Metadata conversion mapping:
- pagename -> title (translate the encoded pagename to a human readable blog title without date in quotes)
- Date -> publishDate (format as YYYY-MM-dd without quotes)

Text processing:
- Infer a plain text front matter description field from the content of the PhpWiki text.
- The description field value must be in double quotes and suitable for a SEO optimized description HTML meta tag.
- Infer a front matter tags field with up to 3 high level categorical tags as a JSON array from the content of the PhpWiki text. The tags should be lower case kebab-case.
- The actual content starts after "Content-Transfer-Encoding: binary". Keep the original text and language, never translate to another language.

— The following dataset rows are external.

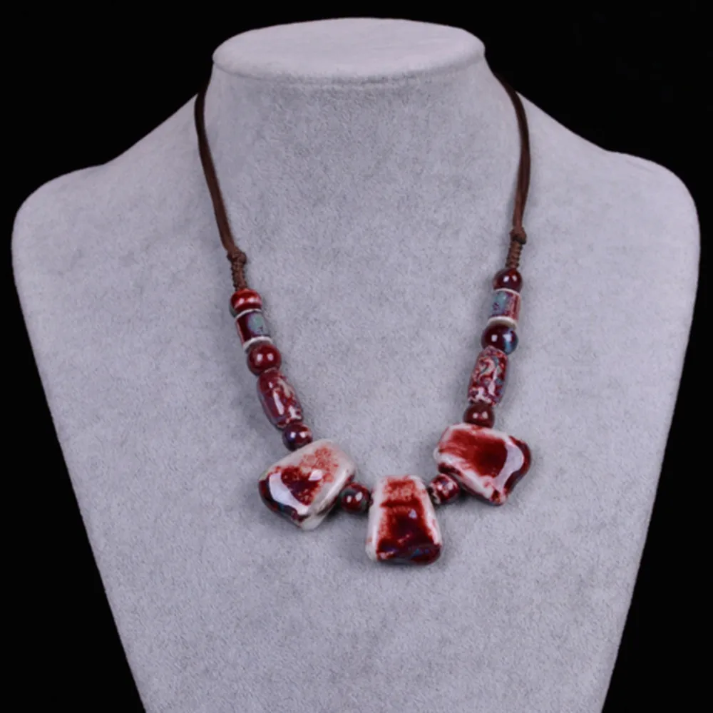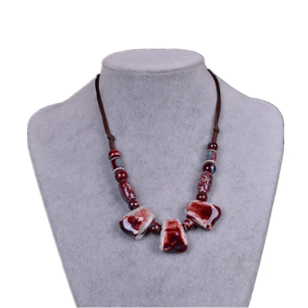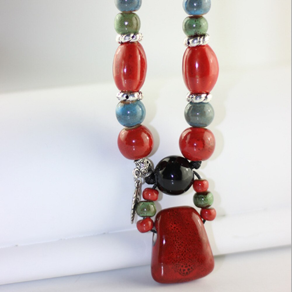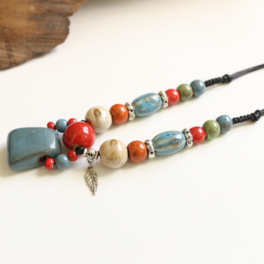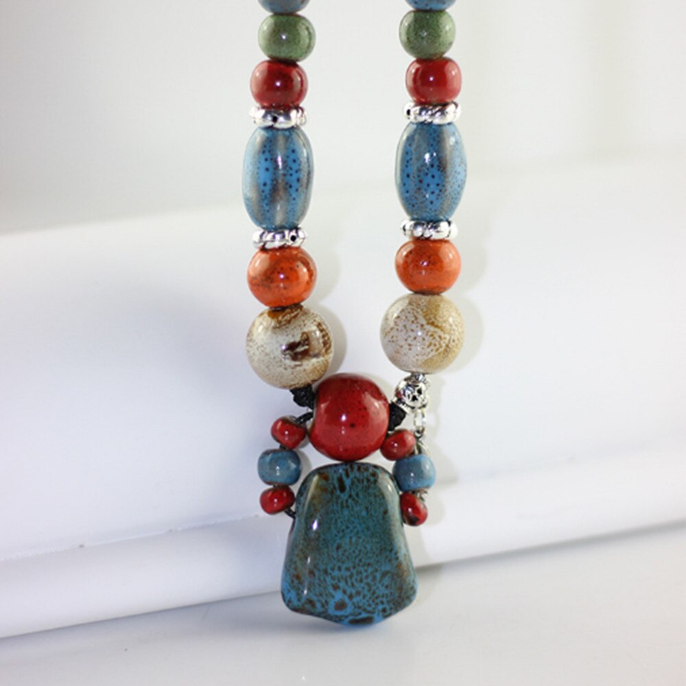 Retro beautiful ethnic style Handmade ceramic Beads pendant necklace N418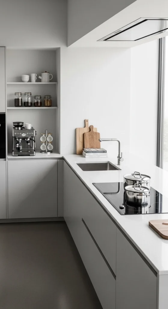 A calm color palette reduces visual noise, making the entire kitchen feel cleaner—even on busy days.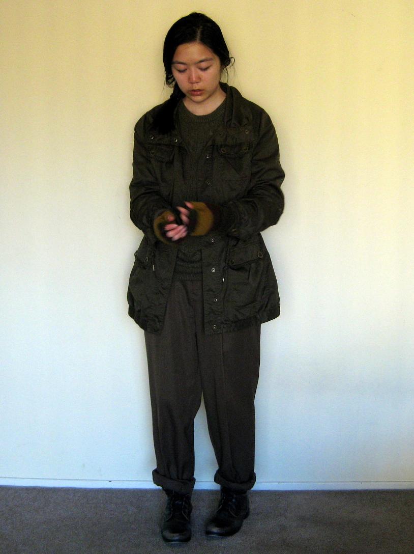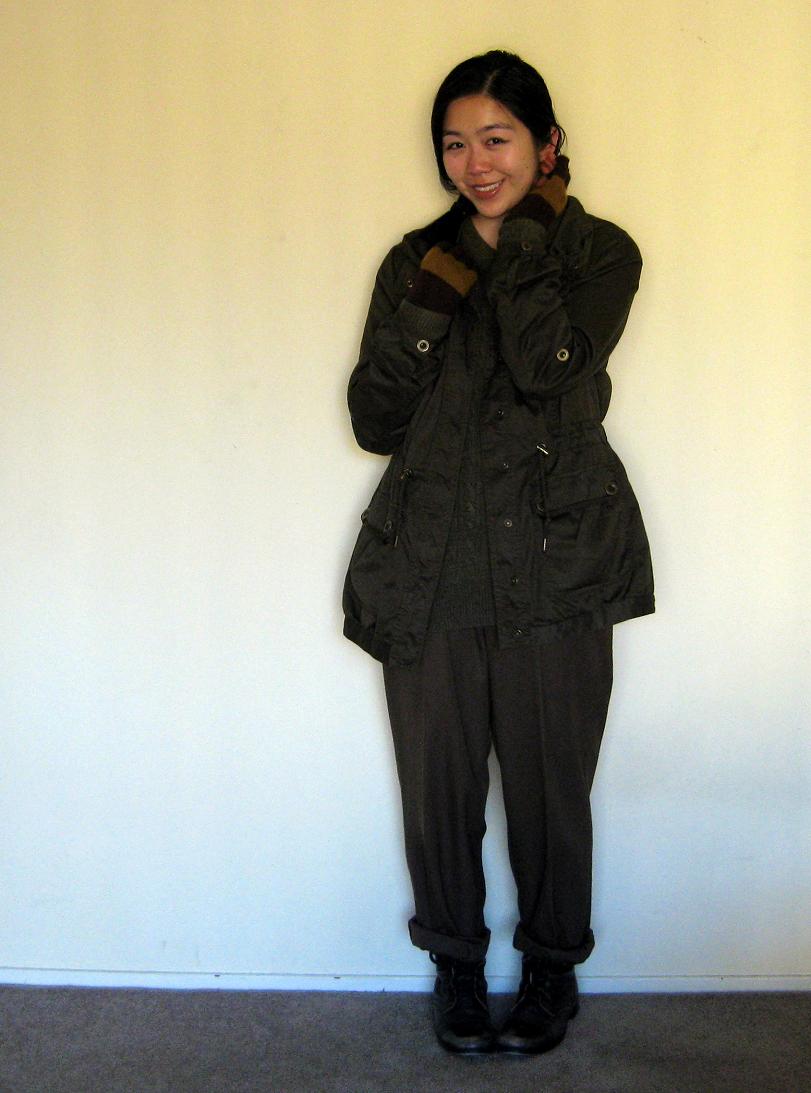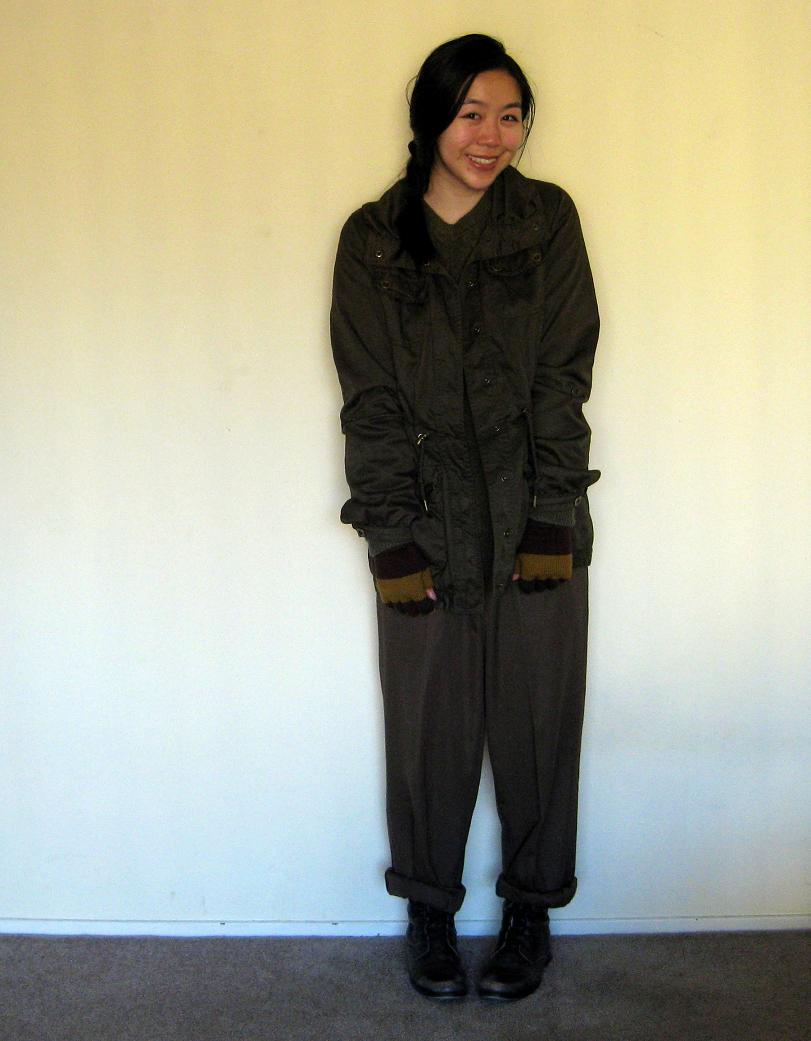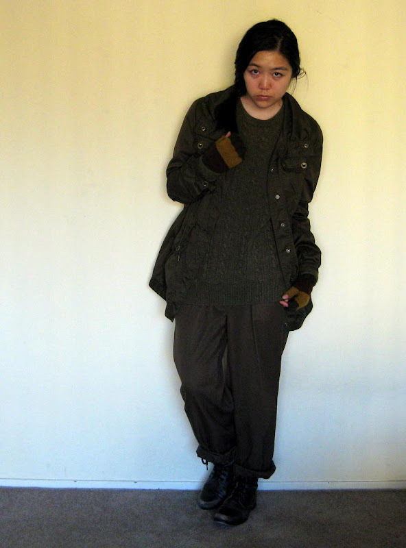 Jacket: mother's, H&M. Sweater: uncle's. Fingerless gloves: Bancroft Clothing Store. Pants: one of my uncles'. Boots: Steven by Steve Madden.I guess I still look like a SLAG.

PhpWiki Syntax conversion hints for the original text:
- Convert PhpWiki links in the format [text|url] or [text | url] to Markdown's [text](url).
- If the url of a PhpWiki link is relative and does not contain http or https, then kebab-case the url and prefix it with /wiki/
- Convert image links starting with http://www.metaportaldermedienpolemik.net/artefact/images/ to just /images/
- Convert links in the form of [CamelCaseWord] to [Camel Case Word](/wiki/camel-case-word)
- Convert words that are CamelCase formatted to [Camel Case](/wiki/camel-case)
`,
          role: "system",
        },
        {
          content: inputText,
          role: "user",
        },
      ],
      model: "gpt-4o",
    });

    // Define the pattern to match the starting and ending markdown tags
    const pattern = /^```markdown\s([\s\S]*?)\s```$/;

    // Use replace method to remove the matched parts
    return response.choices[0].message.content.trim().replace(pattern, "$1");
  } catch (error) {
    console.error("Error during conversion:", error);
    return null;
  }
}

async function processFile(file, inputDir, outputDir) {
  try {
    const filePath = path.join(inputDir, file);
    const fileContents = await fs.readFile(filePath, "utf-8");

    // Takes the original file name (which was just the PhpWiki page title)
    // and converts it to something like `2018-10-03-the-title.md`.
    const outputFileEls = file.split("%2F");
    const outputFileName = `${outputFileEls[1]}-${outputFileEls[2].split(" ").join("-").toLowerCase()}.md`;
    const outputFilePath = path.join(outputDir, outputFileName);

    // Check if the output file already exists
    if (await fs.pathExists(outputFilePath)) {
      console.log(`Output file for ${file} already exists. Skipping conversion.`);
      return;
    }

    const markdown = await convertPhpWikiToMarkdown(fileContents);

    if (markdown) {
      await fs.outputFile(outputFilePath, markdown);
      console.log(`Converted ${file} to markdown.`);
    } else {
      console.log(`Failed to convert ${file}.`);
    }
  } catch (error) {
    console.error(`Error processing file ${file}:`, error);
  }
}

async function processFiles(inputDir, outputDir) {
  try {
    const files = await fs.readdir(inputDir);

    const queue = async.queue(async (file, callback) => {
      await processFile(file, inputDir, outputDir);
      callback();
    }, CONCURRENCY_LIMIT);

    queue.push(files);

    await queue.drain();
    console.log("All files have been processed.");
  } catch (error) {
    console.error("Error processing files:", error);
  }
}

const inputDir = path.join(__dirname, "input");
const outputDir = path.join(__dirname, "output");

processFiles(inputDir, outputDir);

It took some tweaking but the script worked and the conversion is done! It took ~30 minutes and cost ~$5.